The public works that were initiated in 1846 had always been intended as a temporary and limited response to a situation. Peel’s Government had assumed that the conditions would improve with that year’s harvest. Taking over from Peel, the Whigs, ideologically opposed to such schemes, were confident that they could close down the public works by the end of summer. However, the massive destruction of the potato crop in the fall of 1846 forced them to reopen the works and to admit far larger numbers than anyone had envisioned. To make matters worse, the winter of 1846-1847 was one of the coldest in recent years, with unusual amounts of snow. Those who wanted relief, poorly dressed under the best of circumstances, had to work in terrible weather for insufficient amounts of food. This was not a matter on which Trevelyan wished to elaborate.
He was quick, however, to point out other problems in using public works as the principal form of emergency relief. Those working on the relief projects were expected to buy the imported corn meal, initially from government distribution points. However,
the country was so entirely destitute of the resources applicable to this new state of things, that often, even in large villages, neither bread nor flour was to be procured; and in country districts, the people had sometimes to walk twenty miles before they could obtain a single stone of meal (253-54).
The local Relief Committees were to act as temporary substitutes for the missing corn factors. Yet, as Trevelyan pointed out, although the wages in the beginning were above the usual rate for rural workers, ‘at the existing prices of food, they were insufficient for the support of a family, melancholy proof of which was afforded by daily instances of starvation in connexion with the Relief Works’ (257). This last sentence contains one of those rare instances in which Trevelyan had recourse to the word ‘starvation’ in the article.
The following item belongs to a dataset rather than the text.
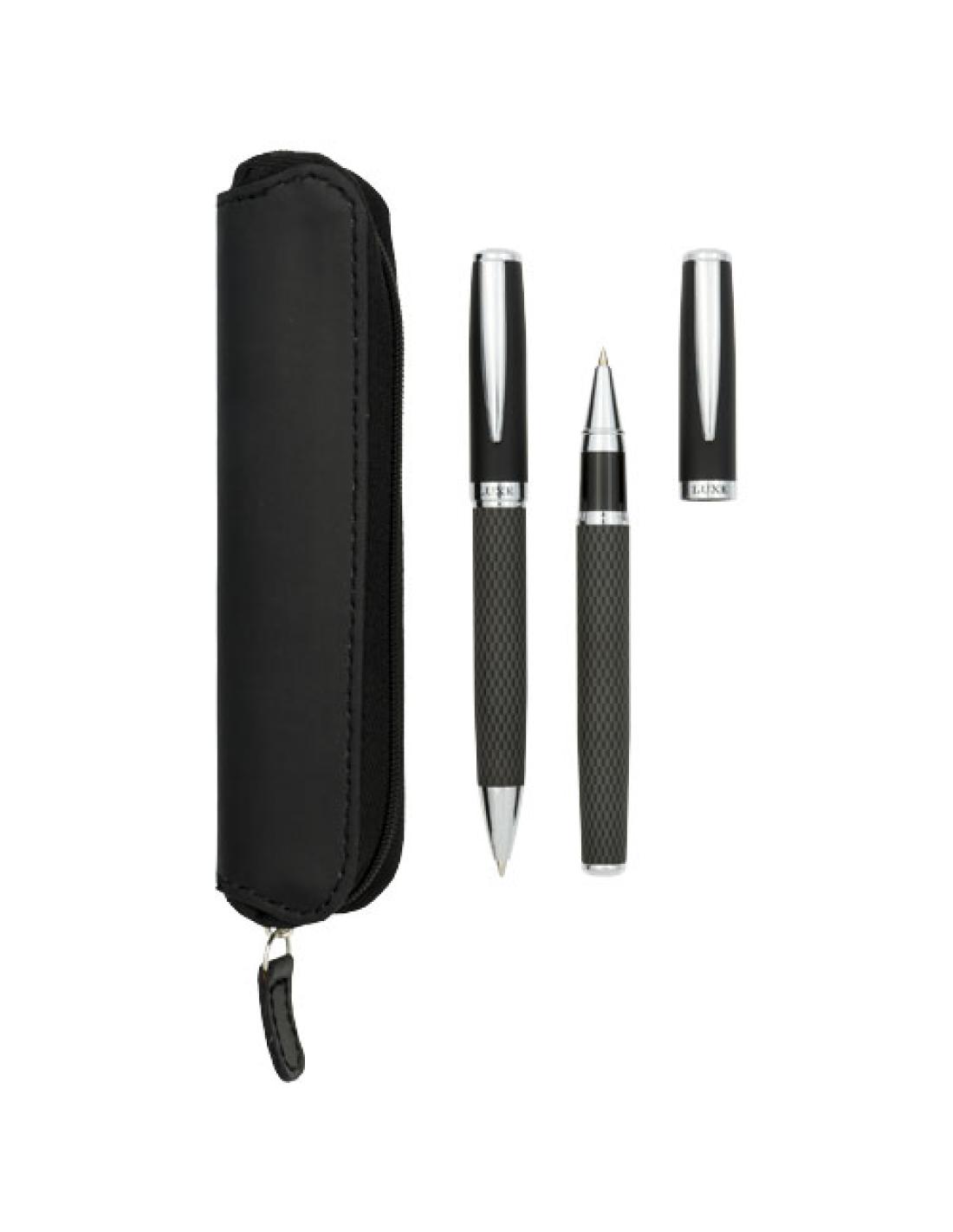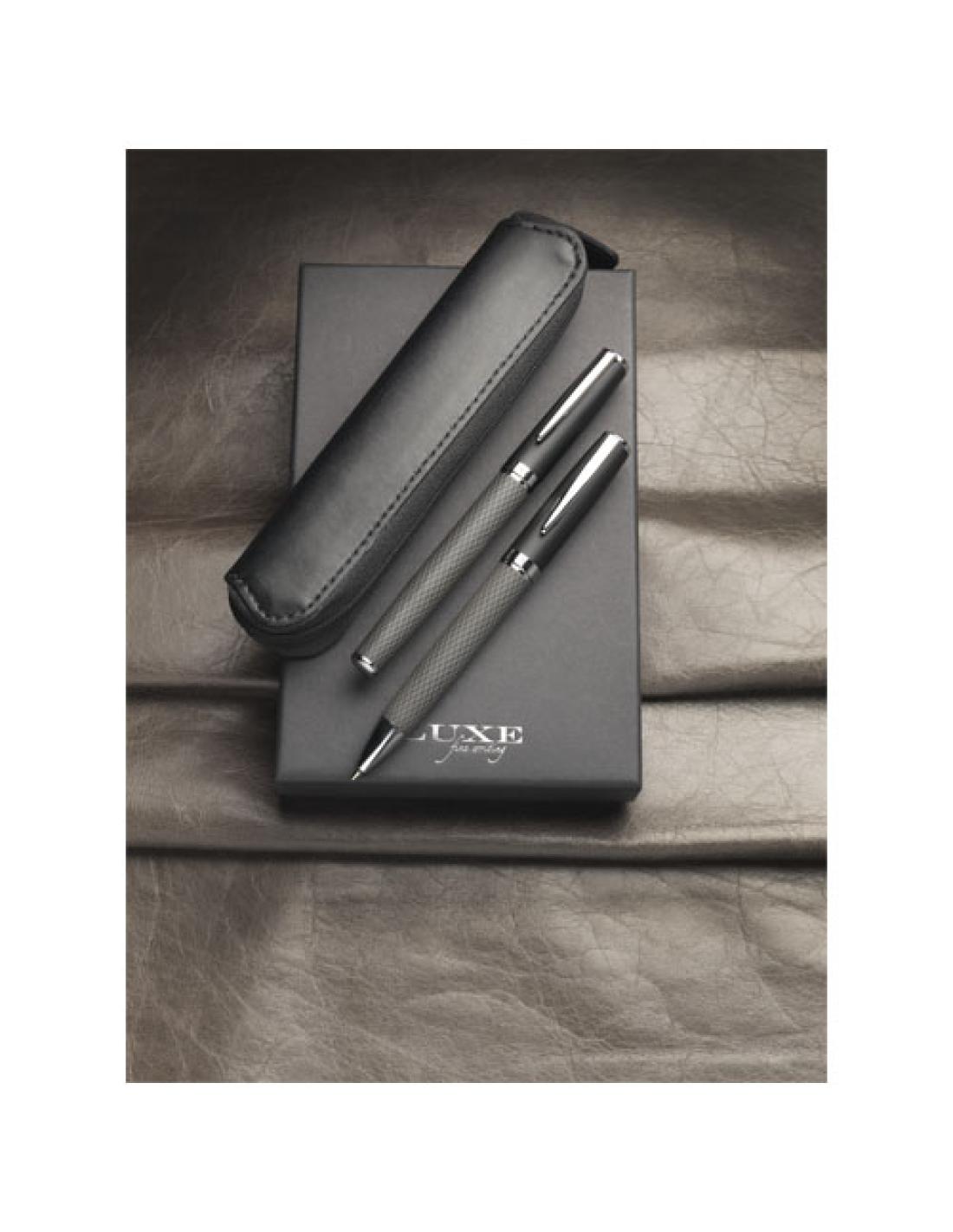 Para una versión ligeramente diferente del negro, esta pareja de bolígrafo y rollerball de diseño exclusivo tiene un acabado en fibra de carbono impresa. Incluye una funda protectora de calidad, empaquetada en una caja de regalo "LUXE".

According to Trevelyan’s figures, by March 1847 734,000 persons were employed daily, supporting nearly three million persons, assuming about four individuals per family. Over one-third of the nation was dependent upon relief. Although the purpose of the works was to feed the destitute, Trevelyan was appalled at these numbers. ‘The general failure of the potato crop [in the autumn of 1846] spread despondency and alarm from one end of Ireland to the other, and induced every class of persons to throw themselves upon the Government for aid’ (254). Like many observers, Trevelyan was convinced that the numbers on relief were swollen by corruption.
The attraction of money wages regularly paid from the public purse…led to a general abandonment of other descriptions of industry…. Landlords competed with each other in getting the names of their tenants placed on their lists; farmers dismissed their labourers, and sent them to the [relief] works; the clergy insisted on the claims of their members…the fisheries were deserted… (256).
Most disturbing to Trevelyan was the neglect of tillage, the first symptoms of which appeared in the spring of 1846, and which were worst ‘in those districts where the Relief works were carried on to the greatest extent’ (250-51). Those areas were generally in the West of Ireland where the soil was poorest and where the numbers of sub-tenants totally dependent upon the potato were greatest. Yet it was unlikely that Trevelyan’s apprehension about the ‘neglect of ordinary tillage’ concerned the tenants’ potato beds, which, to his way his way of thinking, represented the wrong sort of crop in the first place; rather he meant that the peasants were not labouring in their landlords’ grain fields. Trevelyan and the Government assumed that there was enough demand for agricultural labour, especially in the poor lands of the West, to supply large-scale, if not quite full, employment. Trevelyan made it clear that he and the Government expected the landlords to provide work for the peasants after the public works were closed (256). The demands of Irish agriculture, however, had never been able to provide sufficient employment to the bulk of the peasantry.
To Trevelyan, the public works schemes were a disaster. ‘The strain on the springs of society from this monstrous system of centralization was fearful in the extreme’ (255). Although there had never been enough work for the cottiers and conacre farmers in rural Ireland, Trevelyan and Government leaders were fearful that public relief would undercut the rural economy, such as it was. In Trevelyan’s terms, the Government faced a dilemma: ‘If the people were retained in the works, their lands must remain uncultivated. If they were put off the works, they must starve…’ (257; italics added). The Government opted to reduce the relief lists. In March of 1847 the lists were arbitrarily cut by twenty percent, followed by further monthly reductions until the works were closed on 15 August 1847.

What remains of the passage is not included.